LMAs may serve as dedicated airways for maintaining airway patency, ventilation, and facilitating tracheal intubation (15). Intubating LMAs are highly recommended by the British expert working group (32) as backup devices for failed conventional tracheal intubation; there is consensus of opinion that blind TT insertion should be replaced by guidance of the TT by a FB.

 

The Aintree intubation catheter was specifically designed for FBA tracheal intubation through supraglottic airways (29); its flexibility allows loading over a pediatric FB and its stiffness facilitates railroading of the TT into the trachea. This two-stage technique usually provides an easy passage of the FB and the catheter through the LMA into the trachea without necessitating an expert operator (20, 33).
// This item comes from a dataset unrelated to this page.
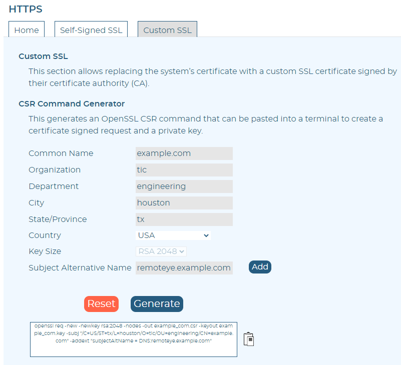 - Fill out the OpenSSL CSR Command Generator under Settings > Security > HTTPS > Custom SSL, copy, paste, and execute the command on a terminal in a separate machine.

When the FB and the LMA are removed with the catheter in place, a properly selected TT may be easily passed over it into the trachea.      

 

Recommendations of the Austrian Working Group for Airway Management

 

We highly recommend limiting conventional tracheal intubation to two attempts. Optimum preparation for CL and tracheal intubation with proper patient positioning and external laryngeal manipulation should be already provided for the first attempt; poor laryngeal views at this early state of AM, indicating a difficult conventional tracheal intubation, should give rise to initiate rational decisions: selecting an alternative technique including FBA tracheal intubation and tracheal intubation using an AOL or a GVL, proceeding with a LMA with the option of tracheal intubution using this device as conduit, preferably under guidance by a FB, or awakening of the patient when feasible.